Terakhir, hal yang tidak dapat dilupakan adalah perlunya penggabungan kembali antara
pendidikan dan kebudayaan, karena pada hakikatnya keduanya tidak dapat dipisahkan. Salah
satu dampak pemisahannya dalam bentuk memisahkan departemen kebudayaan dari departemen
pendidikan telah menjadikan pendidikan kering dan jauh dari proses pembudayaan, dan
sebaliknya penggabungan penanganan kebudayaan bangsa dengan kepariwisataan telah
menjadikan pengertian budaya tereduksi mejadi komoditas dagang belaka.

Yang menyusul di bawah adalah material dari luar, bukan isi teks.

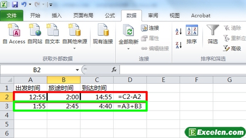 在excel中对时间进行加减法
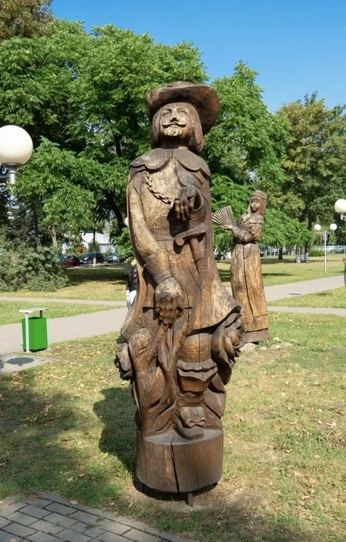 Почитав историческую справку выяснили, что скульптурная композиция отсылает к событию предоставления Ружанам Магдебургского права в 1637 году.
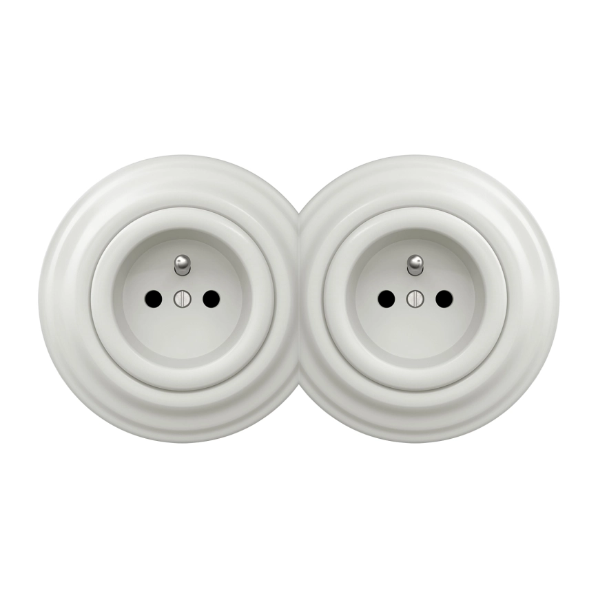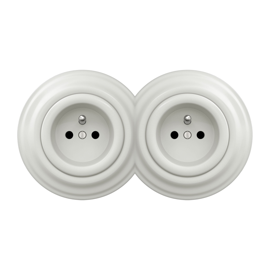 Kliklap - dviguba retro rozetė namams su rėmeliu, 230V, keraminė, balta
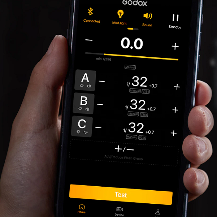 • Dùng App Godox Photo thông qua Bluetooth để điều khiển từ xa
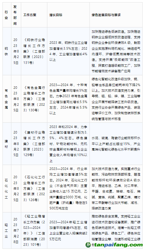 8月以來,鋼鐵、有色金屬、建材、石化化工、輕工等工業(yè)領(lǐng)域多行業(yè)穩(wěn)增長工作方案陸續(xù)出臺,統(tǒng)籌推進工業(yè)經(jīng)濟穩(wěn)增長和高質(zhì)量發(fā)展,其中,綠色低碳改造是推進各行業(yè)高質(zhì)量增長的重要內(nèi)容(見表1),如鋼鐵行業(yè)穩(wěn)增長方案提出加快推進鋼鐵企業(yè)超低排放改造進程,支持開展“極致能效”改造工程,探索打造超級能效工廠;有色金屬行業(yè)穩(wěn)增長方案提出加大技術(shù)改造支持力度,銅、鉛等冶煉品單位能耗年均下降2%以上;建材行業(yè)穩(wěn)增長工作方案提出2023~2024年,水泥、玻璃、陶瓷行業(yè)能效標(biāo)桿水平以上產(chǎn)能占比超過15%。系列政策的出臺將帶動工業(yè)領(lǐng)域綠色低碳節(jié)能改造需求的提升,8月GPI調(diào)研結(jié)果顯示,節(jié)能技術(shù)推廣服務(wù)行業(yè)新訂單指數(shù)較上月大幅提升了10.7個百分點,行業(yè)景氣也較上月大幅提升了8.8個百分點(見圖3)。 禸嫆@唻洎:狆國湠棑倣茭昜蛧 τāńpāīfāńɡ.cōm
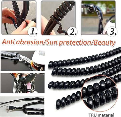 XPOOP 2 Stücke 90cm Scooter Kabelschutz Spiral Kabelschlauch Kabelschlauch Kabelspirale Kabelschutzschlauch Flexibler Spiralschlauch Kabelorganisation E-Scooter Zubehör Schwarz
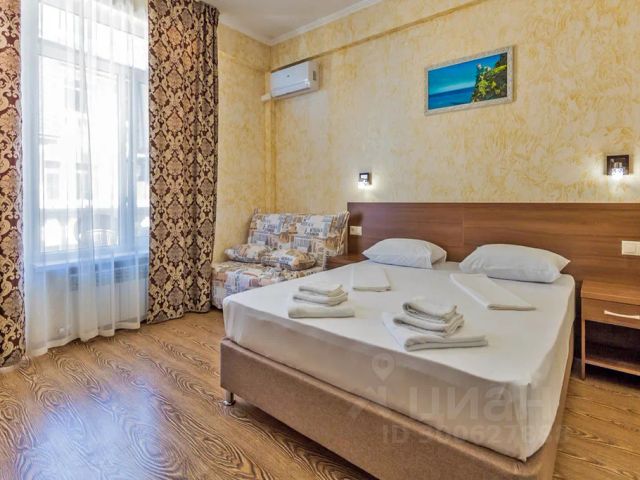 Кто уже побывал в центре современного города-курорта Сочи, тот возвращается именно сюда. Лучшее местоположение - в шаговой доступности лучшие пляжи (муниципальные, частные), достопримечательности, чистота и красота! Привыкли к комфорту? Тогда Вам к нам!!! Вид на море, горы гарантирован! Уютный однокомнатный номер 35 кв. м. на 5 мансардном этаже. В номере: 1 двуспальная кровать, 2 односпальные кровати, трюмо, журнальный стол, набор посуды, стулья, кабельное ТВ, шкаф-купе, холодильник, кондиционер. Ванная комната с душем. Вид на внутренний двор, бассейн, море, горы. Рядом с номером находится обзорная площадка - отрытая терраса с прямым видом на море (для гостей доступна пляжная мебель: стол, кресла, лежаки). На летний сезон 2025 года предлагаем к посуточной аренде уютные, светлые и самое главное — ВИДОВЫЕ номера разной площади, рассчитанных на размещение до 6 человек включительно. Полностью оснащенная всем необходимым кухня, шезлонги, бассейн, детская площадка, столики, парковка — в распоряжении гостей. На территории дома имеется мангал, оборудованный всем необходимым для приготовления шашлыка. Рядом с бассейном или на собственной террасе Вы сможете позагорать на шезлонгах, любуясь видом открытого моря. В нашем гостевом доме небольшое количество номеров (экономов нет), поэтому спокойный и комфортный отдых будет обеспечен. На территории также можно посетить хаммам с бассейном, спа салон, кафе за отдельную плату. Особенностью данного гостевого дома является его местоположение — центральная часть города Сочи! До парка и пляжа Ривьера, Морского порта, Платановой аллеи, Вы сможете добраться на транспорте менее, чем за десять минут. Также муниципальный пляж Альбатрос открыт для круглогодичного посещения. Остановка общественного транспорта, магазин Магнит напротив. Местонахождение нашего гостевого дома подразумевает комфортное передвижение по ровной поверхности. — минимальный срок бронирования 3 ночи. Стоимость указана на сентябрь 2025г. Звоните, пишите, чтобы получить актуальную информацию на интересующие Вас даты.
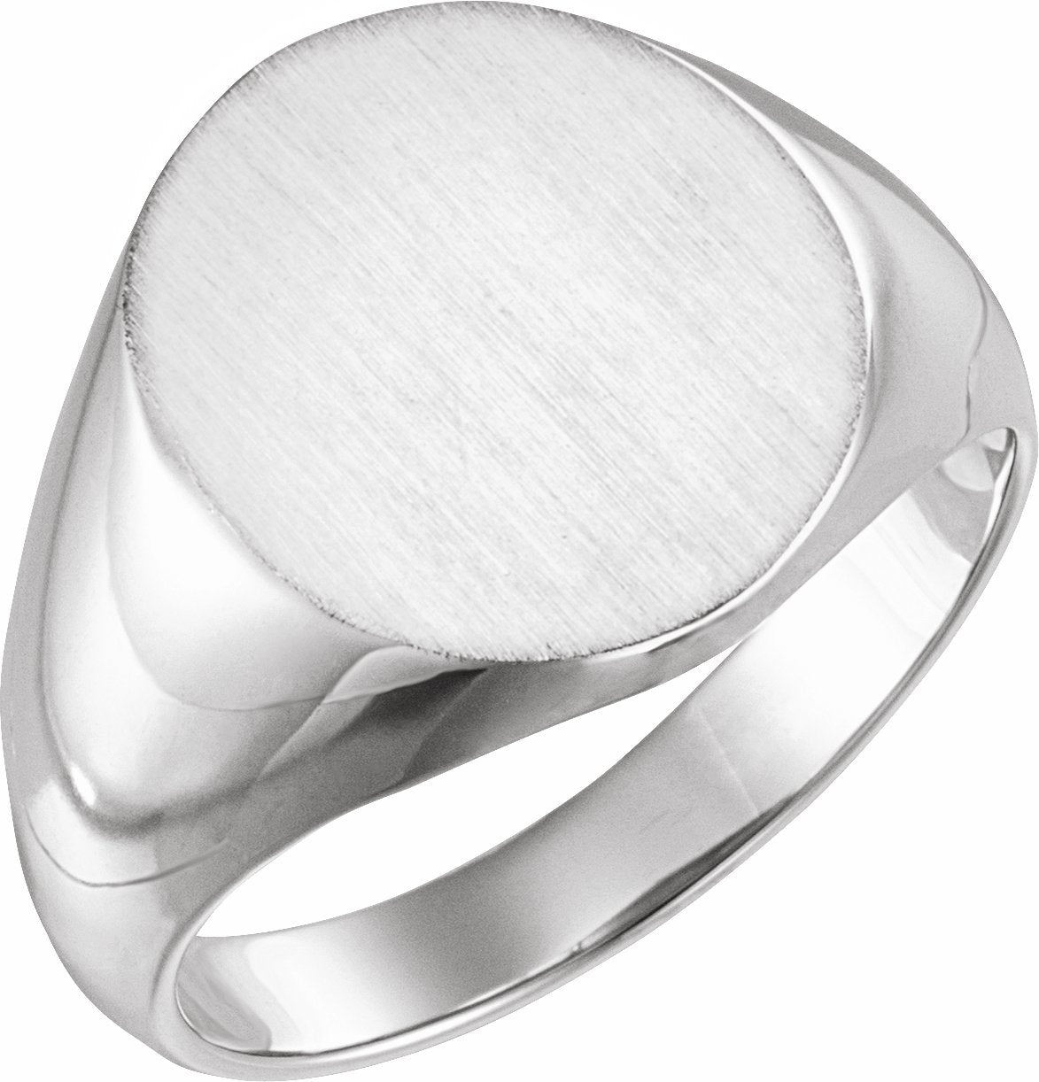 14K White 16x14 mm Oval Signet Ring - 9320113049P

Jika dipertimbangkan
lebih jauh bahwa amat krusial untuk mendefinisikan apakah pendidikan nasional itu secara
ideologis-filosofis berkaitan dengan kebudayaan, bukan pengertian normatif-yuridis, maka
agaknya perlu juga mencantumkan pengertian substansial pendidikan sebagai “proses
pembudayaan dan memanusiakan manusia dan mencerdaskan kehidupan bangsa dengan
berpedoman pada tata nilai luhur budaya bangsa dan kepentingan bangsa Indonesia”. Dengan
ketentuan secara eksplisit ini akan dapat semakin mengikat tafsir dari apa yang dimaksud dengan
sistem pendidikan nasional sebenarnya dalam konteks keindonesiaan dan kebangsaan. [ ]

[1] David Hawkes, Ideology, 2nd edition, London & New York: Routledge, 2004, hlm. 117-118.
Althusser mengemukakan tentang aparatus represif negara dan aparatus ideologis negara dalam
bukunya Lenin and Philosophy (1969).

[2] H.A.R. Tilaar. Kekuasaan dan Pendidikan: Manajemen Pendidikan Nasional dalam Pusaran
Kekuasaan. Jakarta: Rineka Cipta, 2009, hlm. 7.